Problem requirements | Starting at the line that contains "用于实现高质量的文本渲染。与 Unity 自带的", write out every line through the end of the records below exactly as it appears, and leave out all pictures.

──────── Data to examine

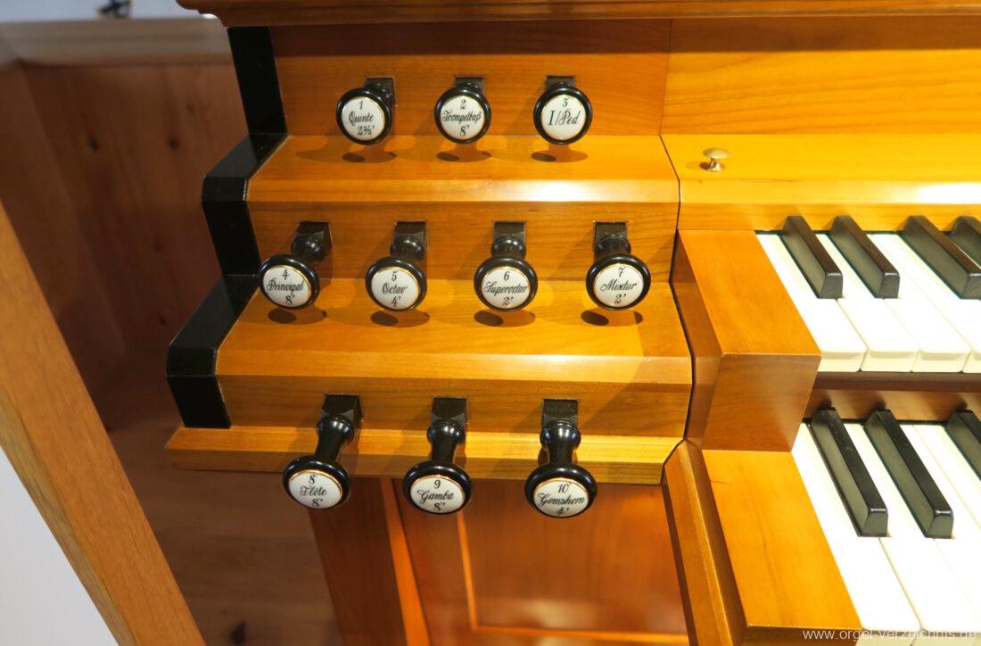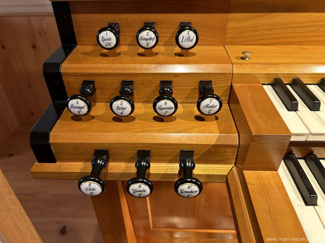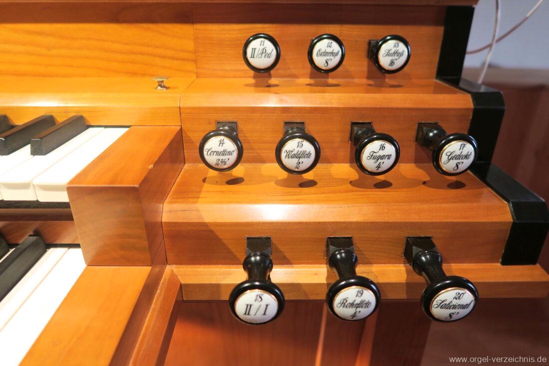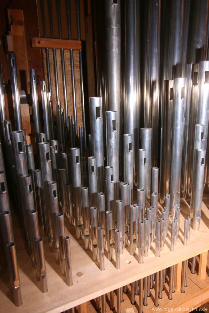 I Hauptwerk C – f“‘Principal 8′ C – E Holz offen, F – ds“ Prospekt neu, ab e“ Hieber Flöte 8′ Doppelflöte, C – e° Holz ged. 1938, ab f° Holz offen, doppelt labiiert Hieber Gamba 8′ Metall, C – H Rollbart Holz, ab c° Streichbart, neu Octav 4′ C – GS neu, ab A Hieber Gemshorn 4′ Metall konisch, C – f° neu, fs° – f“‘ Hieber aus Quintchor der ehem. Mixtur Quinte 2 2/3′ C – h° ged., ab c‘ offen Superoctav 2′ neu, Metall Mixtur 2′ IV – rep. c°/c’/c“, neu
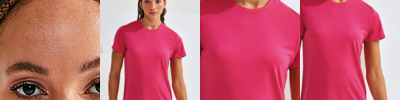 Performance T-shirt. Cationic dyed. Recycled polyester. Wicking fabric. Stretch. Crew Neck. Short Sleeve. Lightweight. Feminine fit. Twin-needle stitching on hem and arms. Textured fabric. Product contains no branded neck or waist label. Removable Kimble or looped garment tags. Inner seam label holds important product information on one label with a second label containing brand information which can be cut-away.
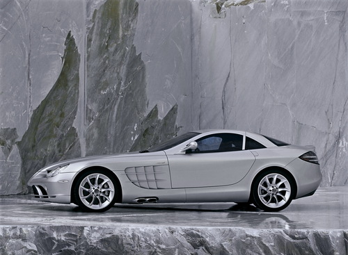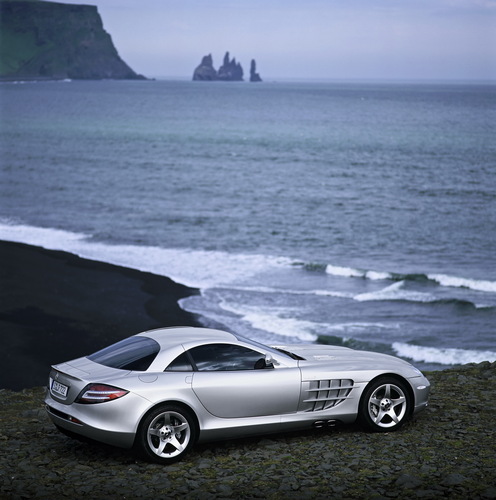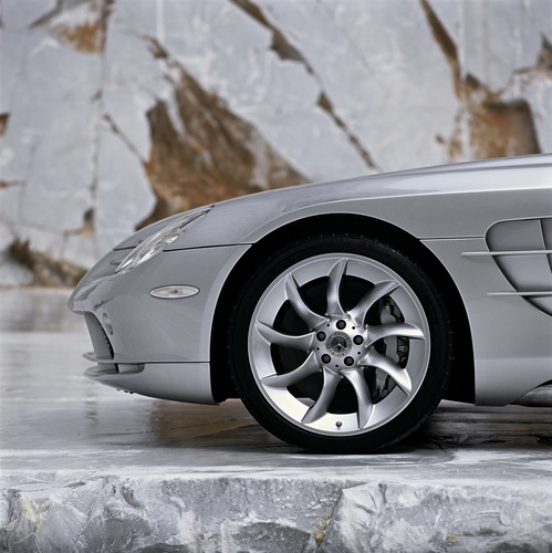 Автомобиль SLR невозможно спутать ни с чем. Тем не менее, такие его детали, как боковые «жабры», служащие воздуховыпускными отверстиями, длинный капот и двери напоминают автомобиль 300 SL с распахивающимися вверх дверями, который блистал в 50-е гг.
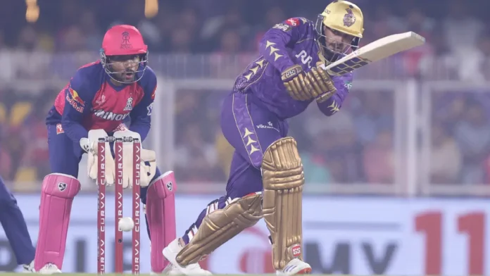 বুধবার গুয়াহাটির বর্ষাপারা স্টেডিয়ামে আয়োজিত ম্যাচে টসে জিতে রাজস্থানকে ব্যাট করতে পাঠায় কেকেআর। শুরুটা খুব খারাপ করেনি রাজস্থান। যশস্বী জয়সওয়াল ও সঞ্জু স্যামসনের ওপেনিং জুটিতে ৩.৫ ওভারে ওঠে ৩৩ রান। নিজস্ব ১৩ রানের মাথায় বৈভব অরোরাকে উইকেট দিয়ে সঞ্জু বিদায় নিলে যশস্বীর সঙ্গে জুটি বাঁধেন অধিনায়ক রিয়ান পরাগ। ১৫ বলে ২৫ রান করে রিয়ান যখন বরুণ চক্রবর্তীর বলে ডি কককে ক্যাচ দিয়ে বিদায় নেন তখন রাজস্থানের রান ৬৭। তার ২ রান পরেই যশস্বী ফিরে যান ২৪ বলে ২৯ রান করে মইন আলির বলে হর্ষিত রানাকে ক্যাচ দিয়ে।
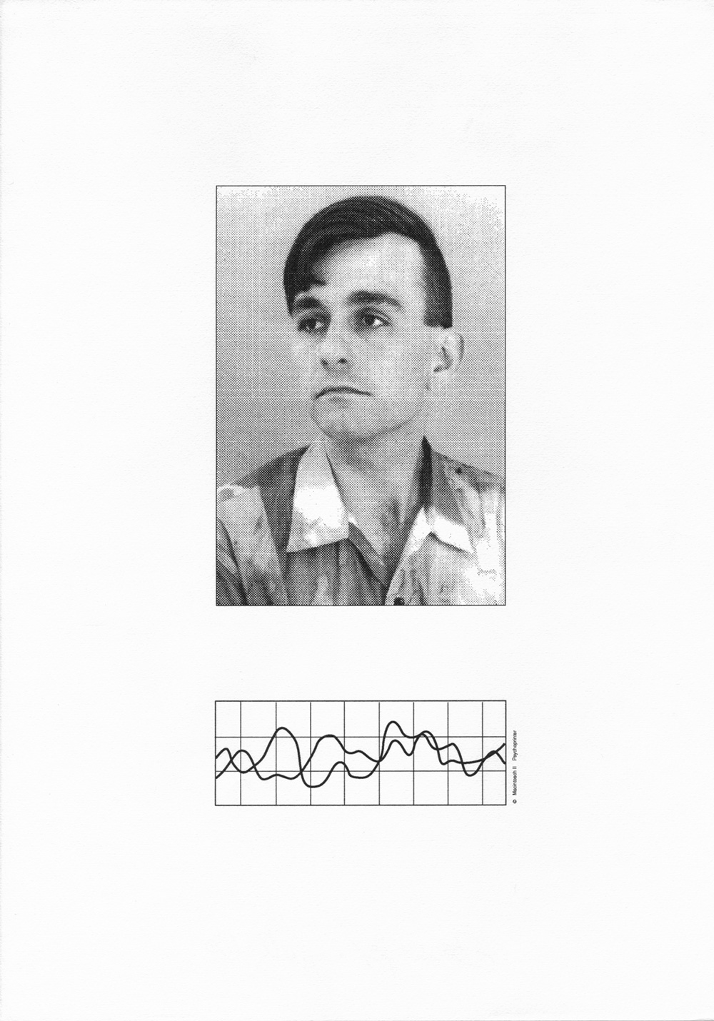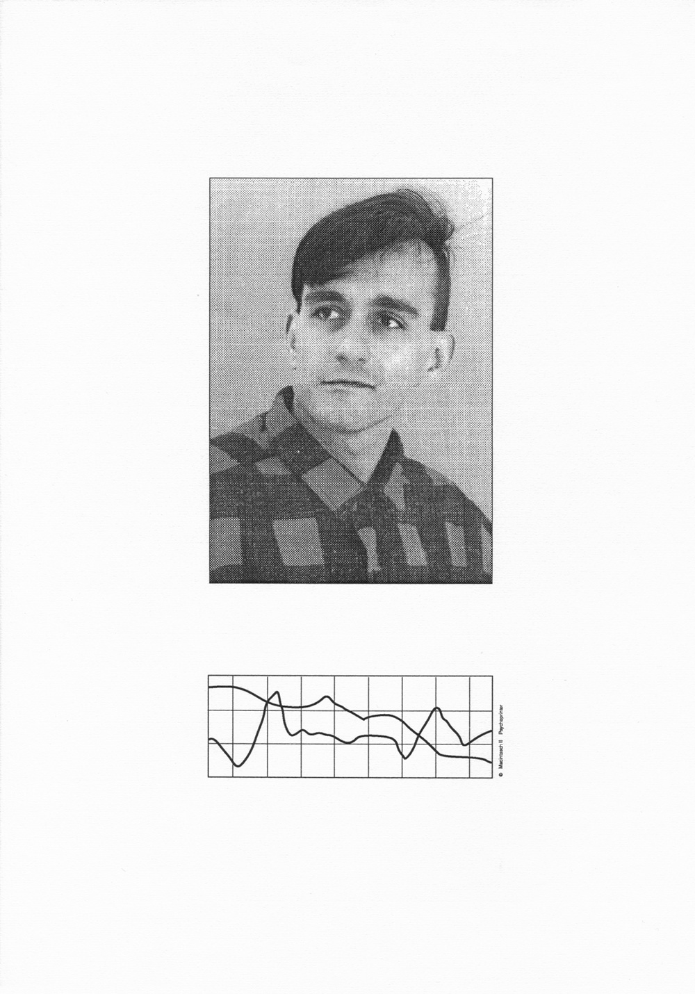 Unter den Fotos sind Kurven eines „Psychoprinters“ zu sehen, der Haltung und Ausdruck zu interpretieren scheint und die Vorstellung suggeriert, Persönlichkeit ließe sich aus fotografischen Oberflächen herauslesen.
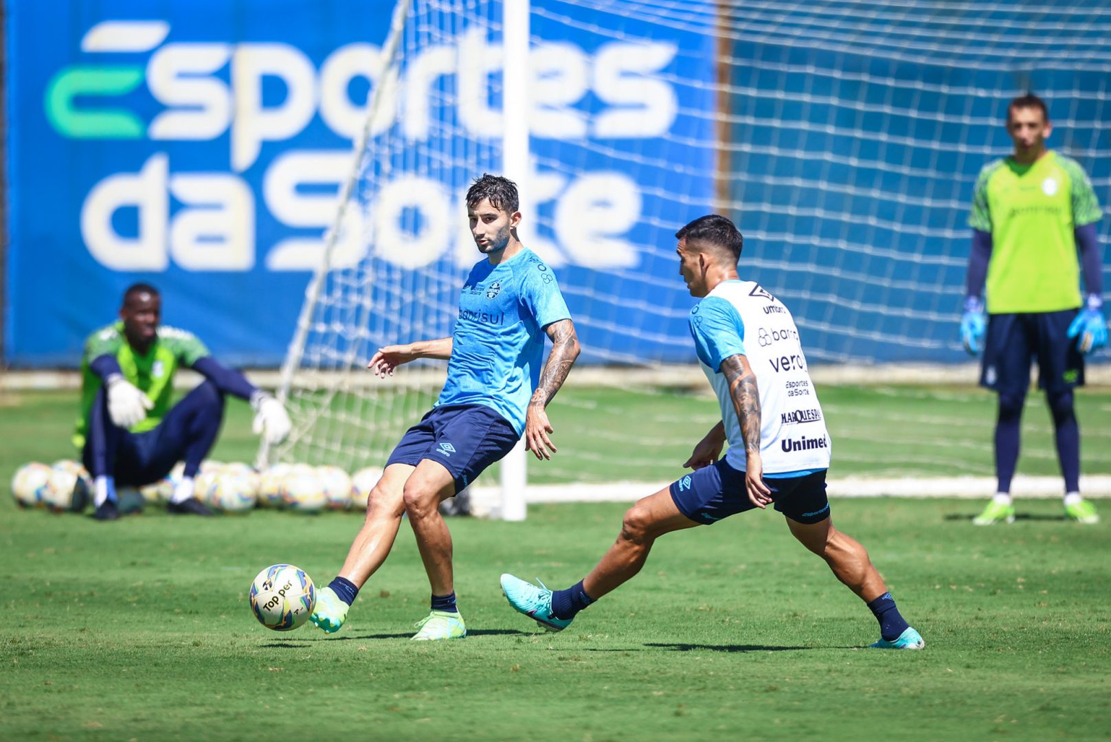 Logo depois, sob comando do técnico Renato Portaluppi e sua comissão técnica, os atletas participaram de um treino tático em campo reduzido com finalização no gol, exigindo bastante dos goleiros gremistas.
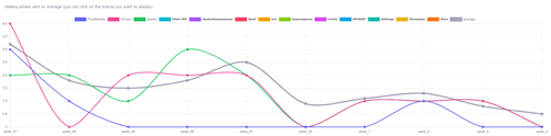 In this table, we benchmark how many emails brands have send and their average email scores, which we calculate using over 50 datapoints that measure how much best practices are ensured (spam score, email authenticiation & certificates, email size, subject line lenght, word & links count etc.)
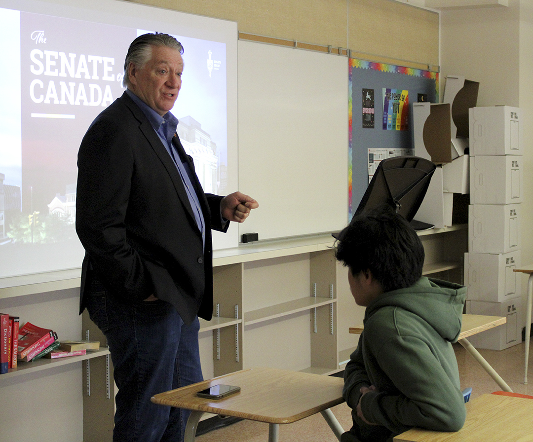 Wednesday, May 24, 2023 – Senator Scott Tannas meets with Grade 11 social studies students at J.T Foster High School in Nanton, Alberta. During the session organized by SENgage, he explained to the class the role of the Senate within Parliament, described his role and responsibilities as a senator and shared some of his personal interests. The session also included a question-and-answer period during which students had the opportunity to engage with Senator Tannas. (Photo credit: Nanton News).
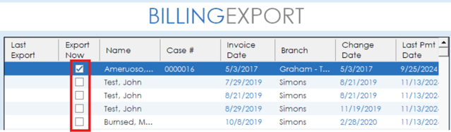 The export tab of the accounting page will allow you to export case financial details to your accounting software. Cases will be listed out in the case list, displaying information regarding the name, case number, invoice date, branch, change date, last payment date, number of payments needed, number of adjustments needed and whether the case is locked. A toggle box is available to mark the case to be exported.
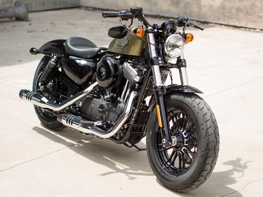 Мотоцикл Harley-Davidson Forty-Eight - неплохое решение для городских поездок, это агрессивный олдскульный чоппер с выразительным дизайном. Его классические черты сочетаются с качеством исполнения отдельных элементов и современными технологиями, на дорогах привлекает внимание «фирменная» перламутровая окраска. Главной особенностью мотобайка Harley-Davidson Forty-Eight является бензобак типа «peanut». Он объемный, а его прямое днище создает дополнительное пространство и визуально открывает двигатель. Современные приборы и оптика байка выполнены в классическом стиле, который гармонично дополняется эгоистичным одноместным сиденьем.
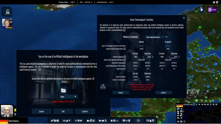 The game simulates the development of artificial intelligence and robotics and their impact on society, especially in terms of employment. The player can implement a technological transition in the State and in the public sector. They can also take advantage by taxing these technologies to compensate for the loss of jobs and redistribute the economic benefits more equitably.
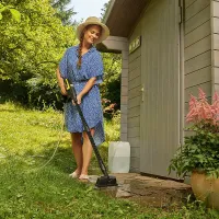 Устройство распыляет воду под высоким давлением, что позволяет эффективно счищать пыль и грязь с различных поверхностей без дополнительных физических воздействий. В комплект входят две базовых насадки: веерная и роторная. Установите первую, если требуется бережная очистка хрупких поверхностей: садовой мебели, ковров, игрушек. Вторая подойдет для создания мощной струи, которая удалит стойкие загрязнения с садового инвентаря и техники.
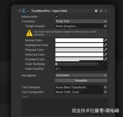 用于实现高质量的文本渲染。与 Unity 自带的 Text 组件相比,TextMeshPro-Text 具有更高的渲染质量、更多的文本特效和更丰富的文本格式控制。
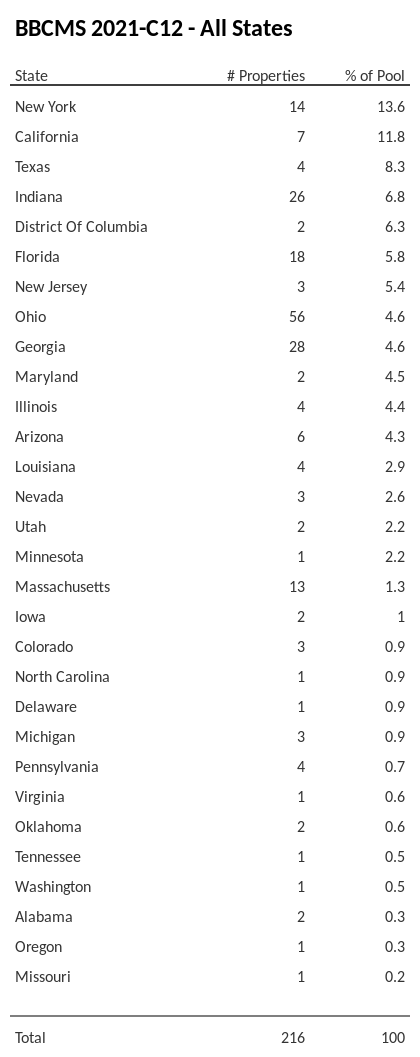 BBCMS 2021-C12 has 13.7% of its pool located in the state of New York.
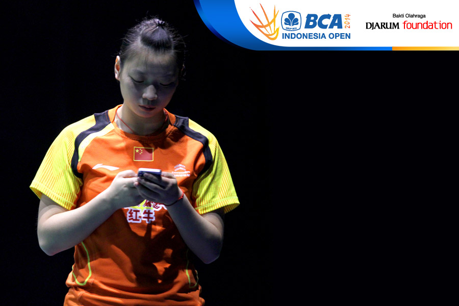 Yaqiong Huang (China) terlihat asyik dengan gadgetnya sebelum melakukan pemanasan
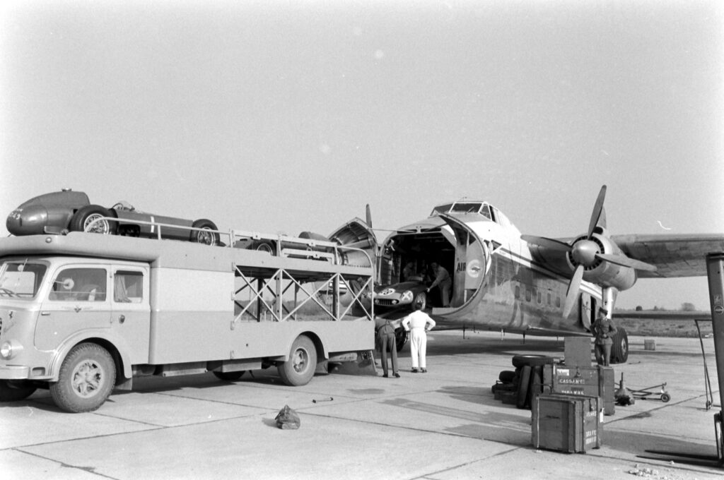 A Ferrari car on its way to the Monaco Grand Prix, 1956.
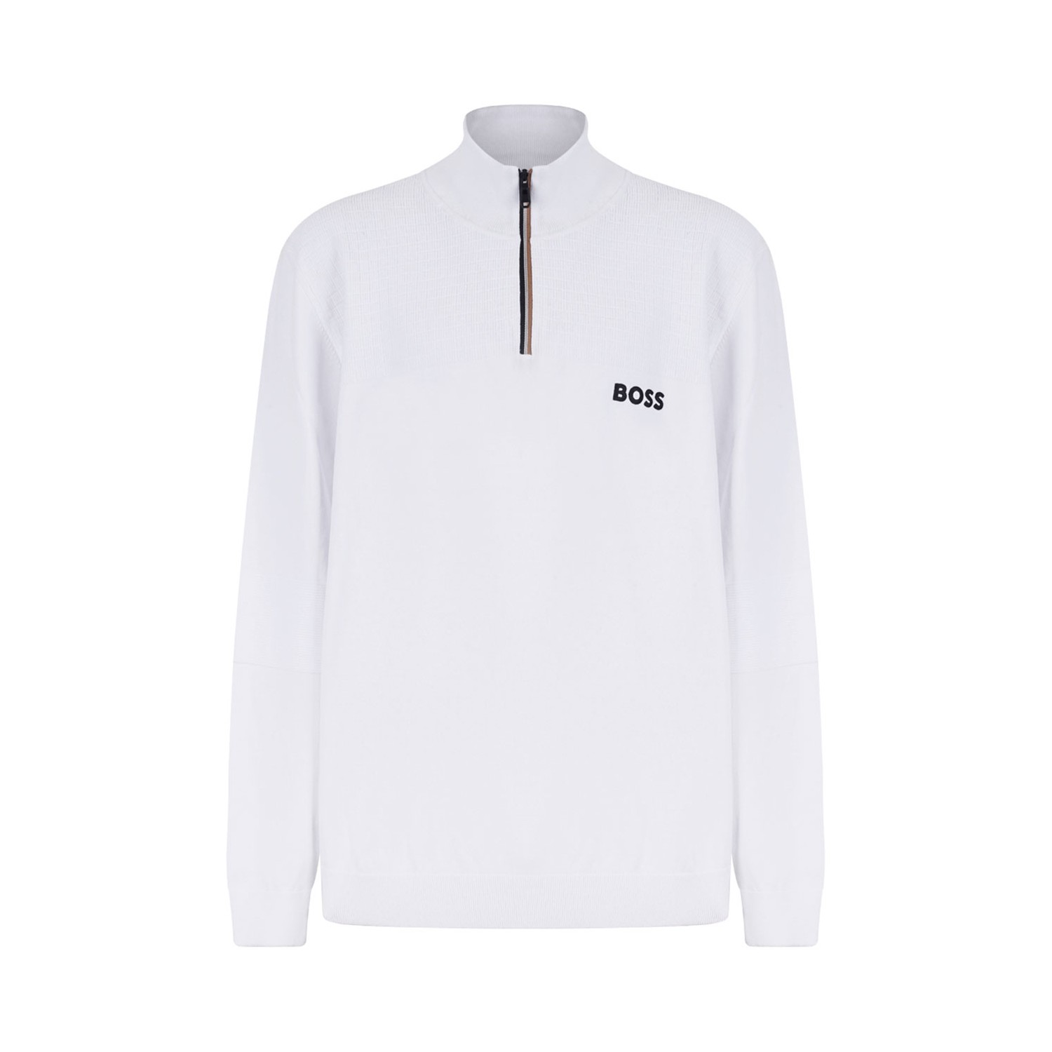 Boss Green White Zip-Neck Sweatshirt. White zip-neck sweatshirt with embroidered BOSS By Hugo Boss logo, high collar and zip, easticated waist and cuffs.

────────────────

Expected answer |
 用于实现高质量的文本渲染。与 Unity 自带的 Text 组件相比,TextMeshPro-Text 具有更高的渲染质量、更多的文本特效和更丰富的文本格式控制。
 BBCMS 2021-C12 has 13.7% of its pool located in the state of New York.
 Yaqiong Huang (China) terlihat asyik dengan gadgetnya sebelum melakukan pemanasan
 A Ferrari car on its way to the Monaco Grand Prix, 1956.
 Boss Green White Zip-Neck Sweatshirt. White zip-neck sweatshirt with embroidered BOSS By Hugo Boss logo, high collar and zip, easticated waist and cuffs.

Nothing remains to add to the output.